:: Entries taken from a collection ::
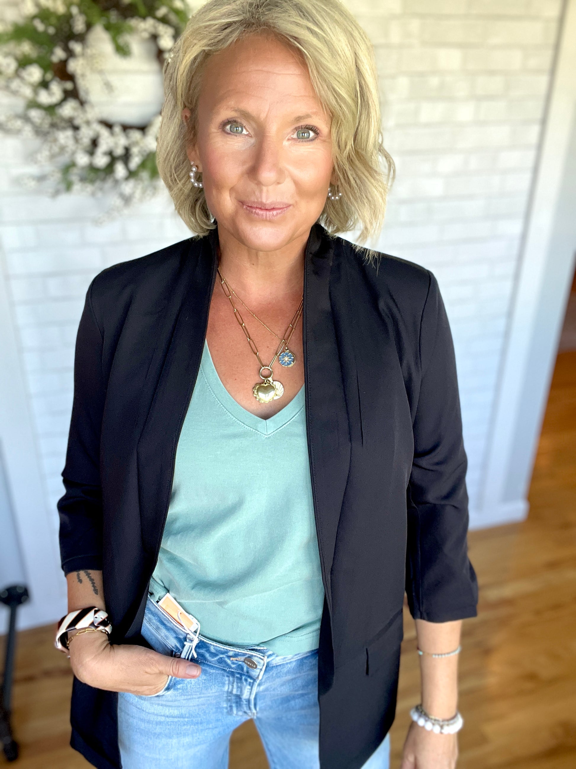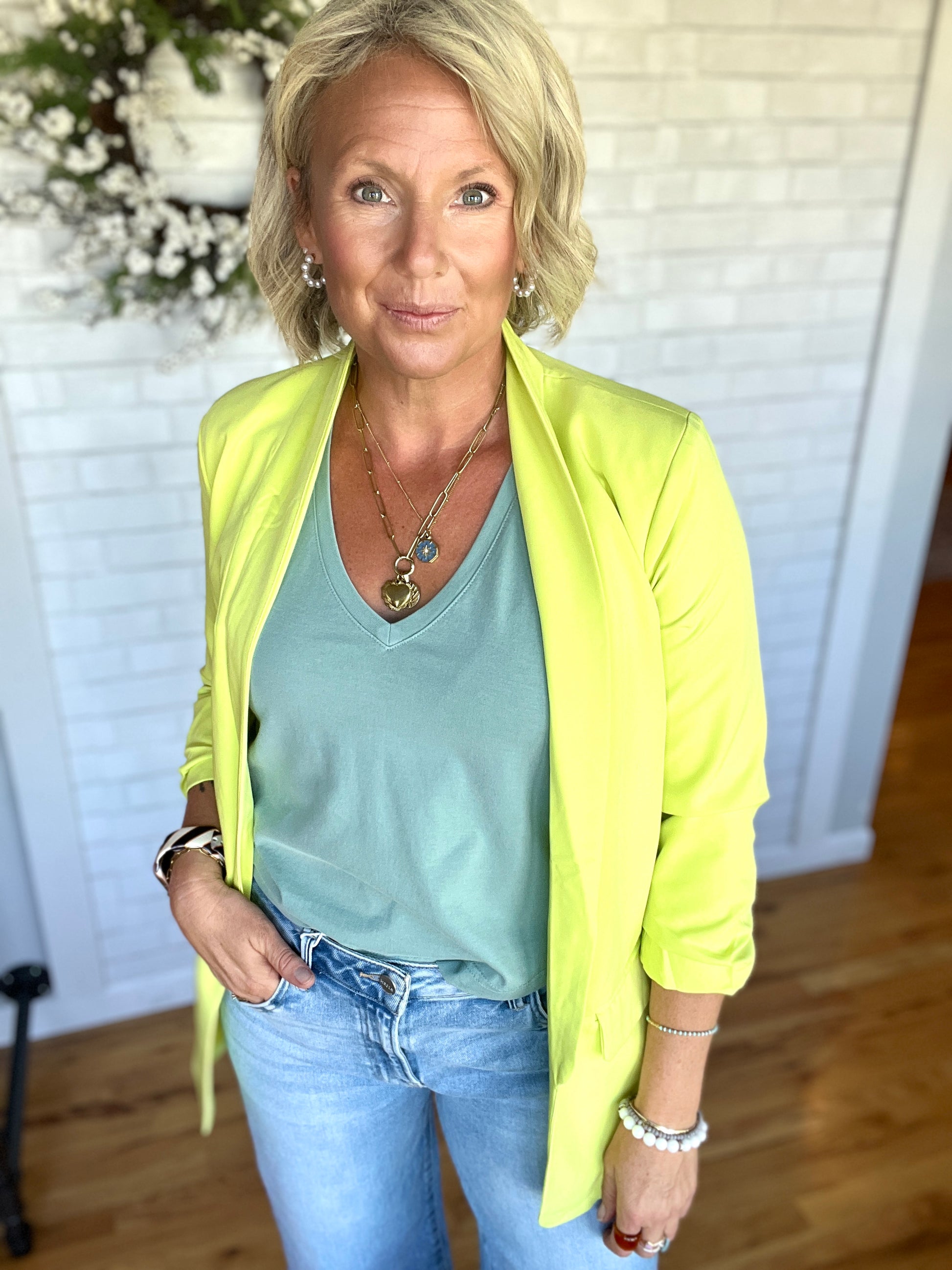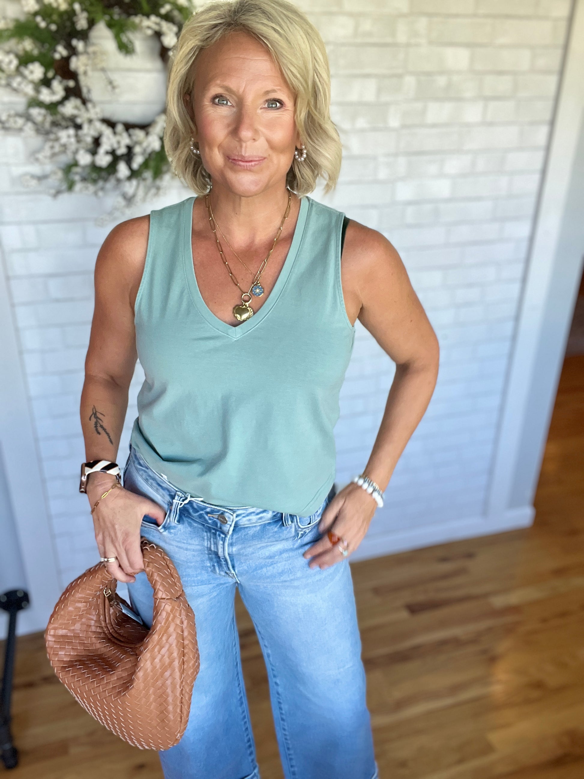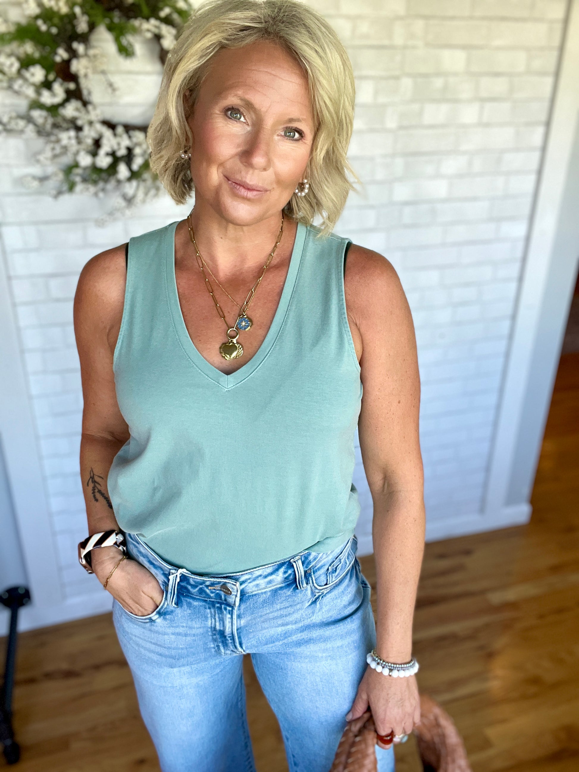 A cotton tank with a v-neck tank. This one has a slight washed look on the fabric. This one hits a little shorter. Fit is true to size. If you want more length size up one.
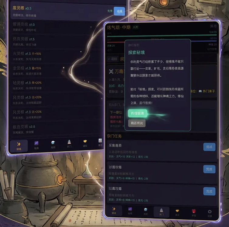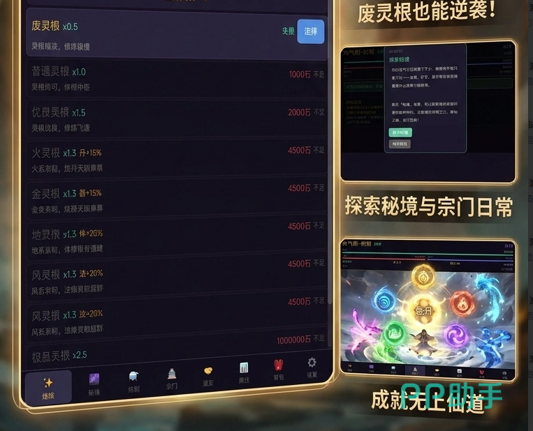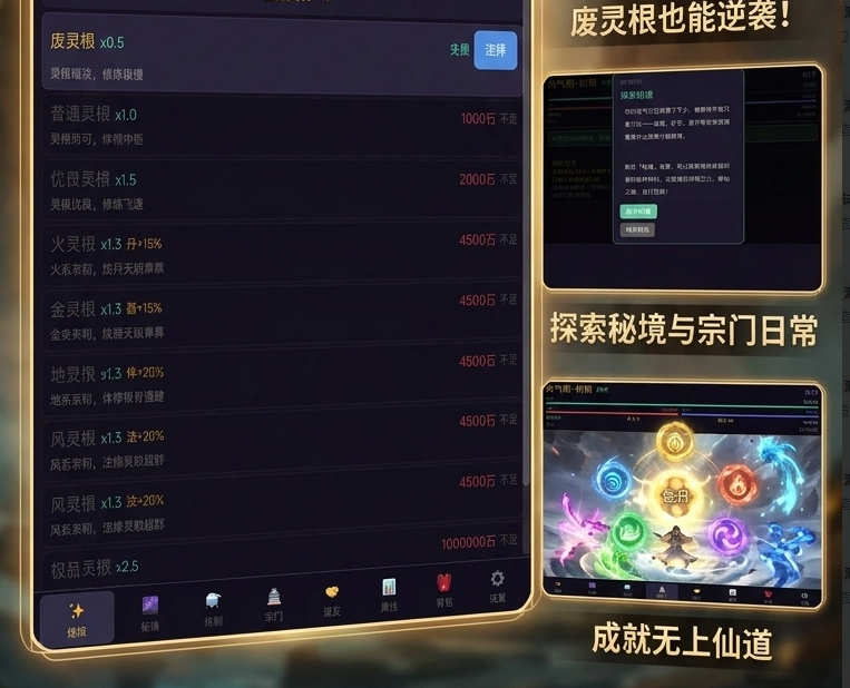 游戏核心成长体系围绕“灵根进化”展开:初始为废灵根,随主线推进与资源积累,可依次激活普通灵根、优质灵根,最终达成极品灵根资质。该设定强化了角色养成深度,赋予玩家持续进阶的明确目标与正向反馈。
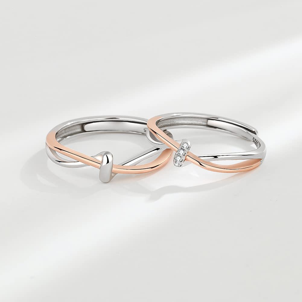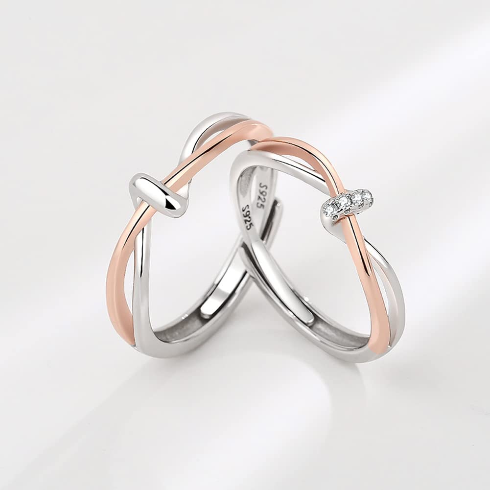 指先でつながる、ふたりの絆。Rockyuの結びペアリングは、ひと目で心ときめく「結び」デザイン。ピンクゴールドとシルバーの優美なクロスラインが、愛と約束のシンボルを織り成します。
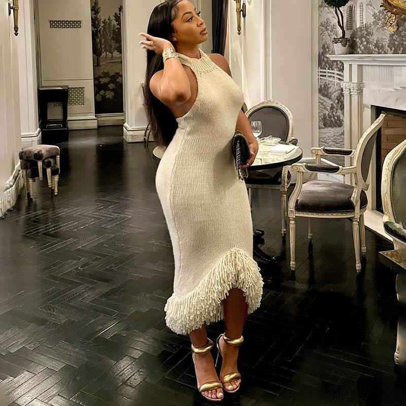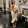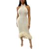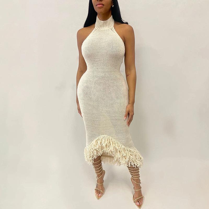 Vestido de lana ajustado de cintura alta sin espalda con cuello colgante sexy para mujer, estilo europeo y americano transfronterizo, primavera 2025
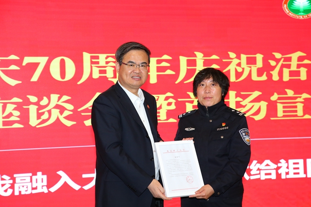 张军为甘家口派出所赠送感谢信,感谢他们有力保障我校圆满完成国庆各项任务;为发言师生代表颁发“时代新人说”宣讲团聘书。张军勉励大家,要将参与此次国庆任务所激发的爱国热情转化为爱国报国行动,将其带入到学习、生活和工作中,永葆爱国情怀,传承红色基因,把完成国庆任务作为新的起点,努力走好新时代的长征路。
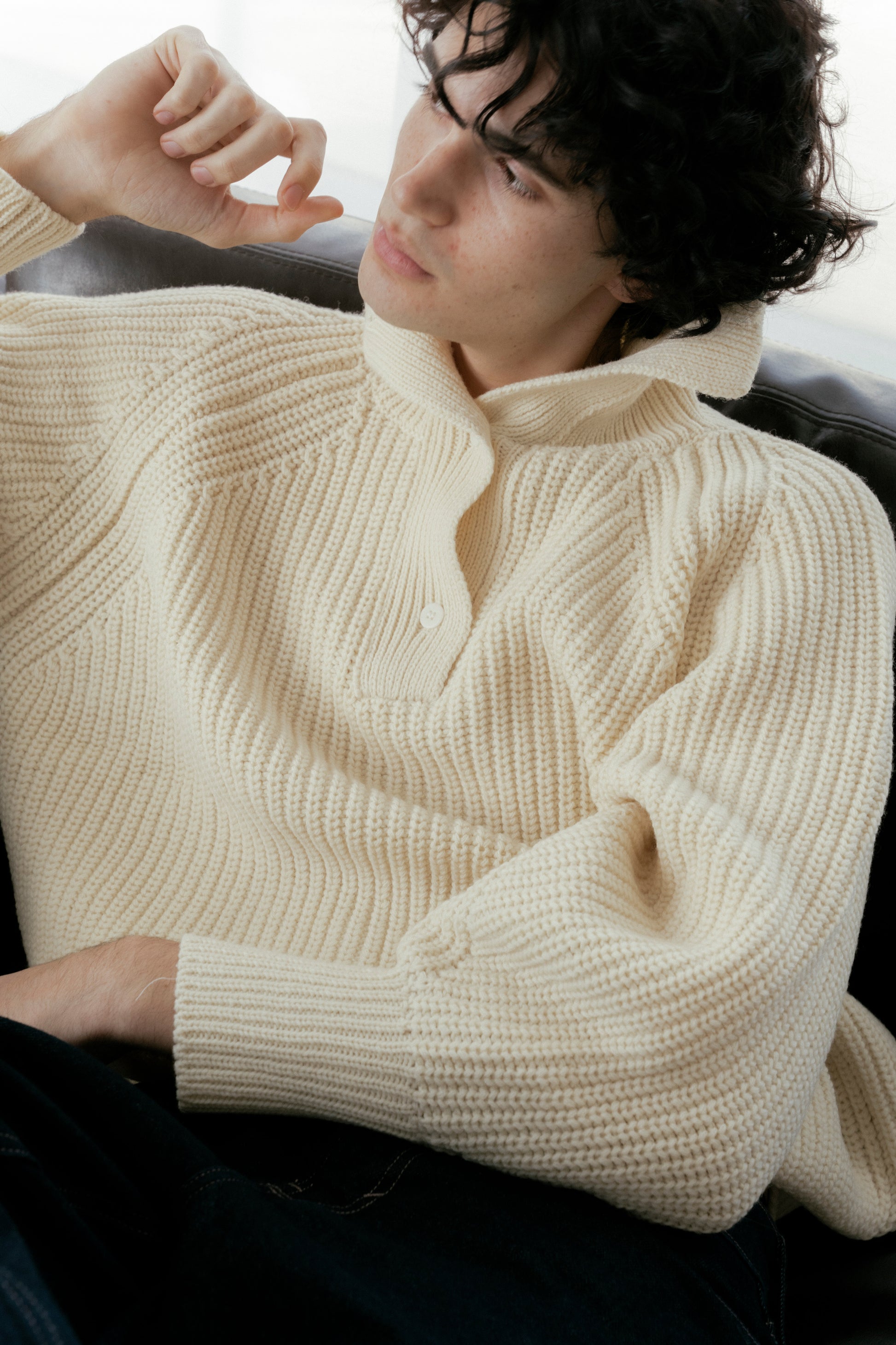 Suéter sin género de peso medio tejido en canalé de pescador de 4 capas, cuello cómodo que se puede abotonar para una sensación más cálida o desabrochar para una apariencia aireada.
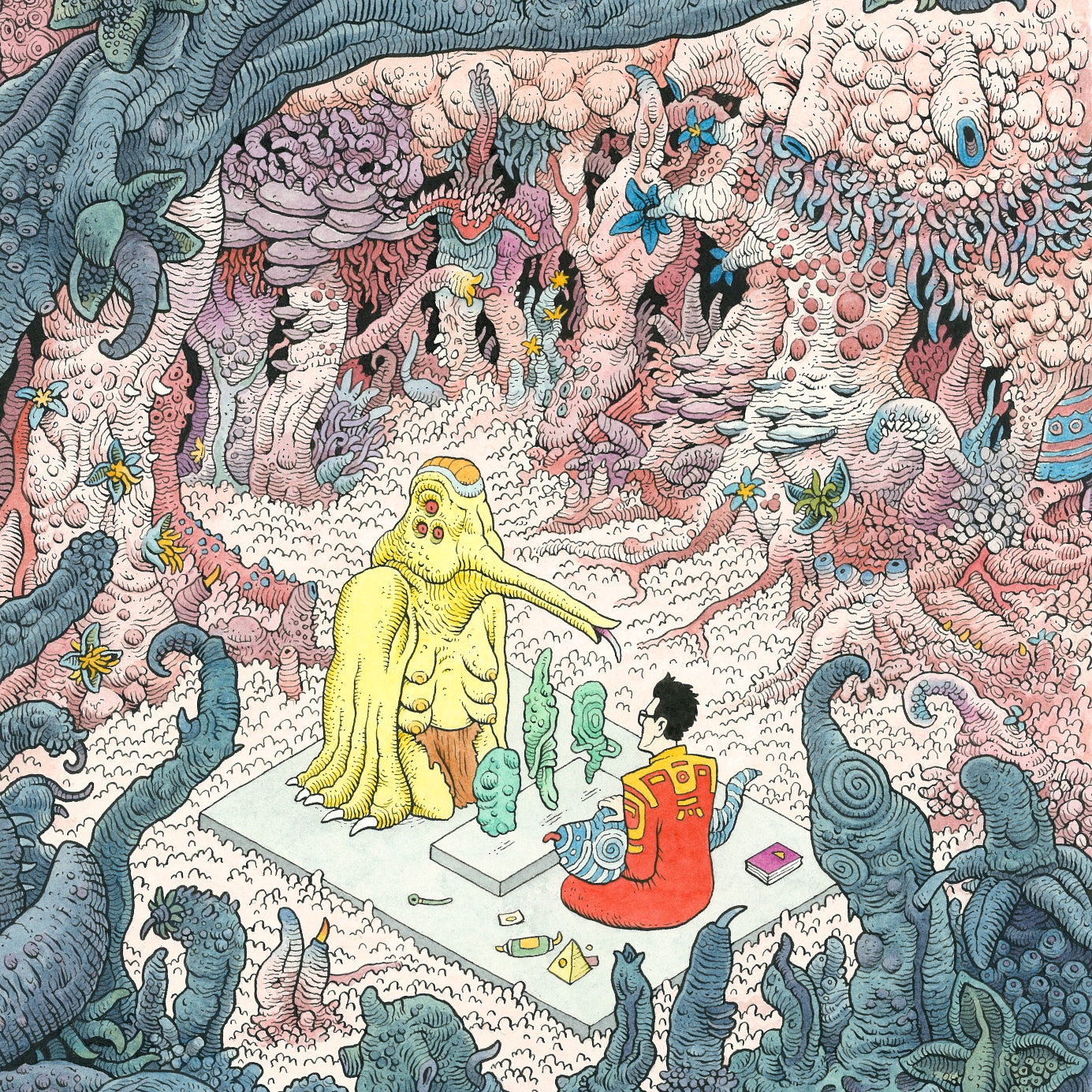 Tim Molloy makes ridiculous apocalyptic psychedelic art mostly in the form of surrealist comic books, paintings and sculpture.

:: PROBLEM DESCRIPTION ::
When you reproduce the data shown above, keep each line exact and omit every picture.

:: RESPONSE AREA ::
 A cotton tank with a v-neck tank. This one has a slight washed look on the fabric. This one hits a little shorter. Fit is true to size. If you want more length size up one.
 游戏核心成长体系围绕“灵根进化”展开:初始为废灵根,随主线推进与资源积累,可依次激活普通灵根、优质灵根,最终达成极品灵根资质。该设定强化了角色养成深度,赋予玩家持续进阶的明确目标与正向反馈。
 指先でつながる、ふたりの絆。Rockyuの結びペアリングは、ひと目で心ときめく「結び」デザイン。ピンクゴールドとシルバーの優美なクロスラインが、愛と約束のシンボルを織り成します。
 Vestido de lana ajustado de cintura alta sin espalda con cuello colgante sexy para mujer, estilo europeo y americano transfronterizo, primavera 2025
 张军为甘家口派出所赠送感谢信,感谢他们有力保障我校圆满完成国庆各项任务;为发言师生代表颁发“时代新人说”宣讲团聘书。张军勉励大家,要将参与此次国庆任务所激发的爱国热情转化为爱国报国行动,将其带入到学习、生活和工作中,永葆爱国情怀,传承红色基因,把完成国庆任务作为新的起点,努力走好新时代的长征路。
 Suéter sin género de peso medio tejido en canalé de pescador de 4 capas, cuello cómodo que se puede abotonar para una sensación más cálida o desabrochar para una apariencia aireada.
 Tim Molloy makes ridiculous apocalyptic psychedelic art mostly in the form of surrealist comic books, paintings and sculpture.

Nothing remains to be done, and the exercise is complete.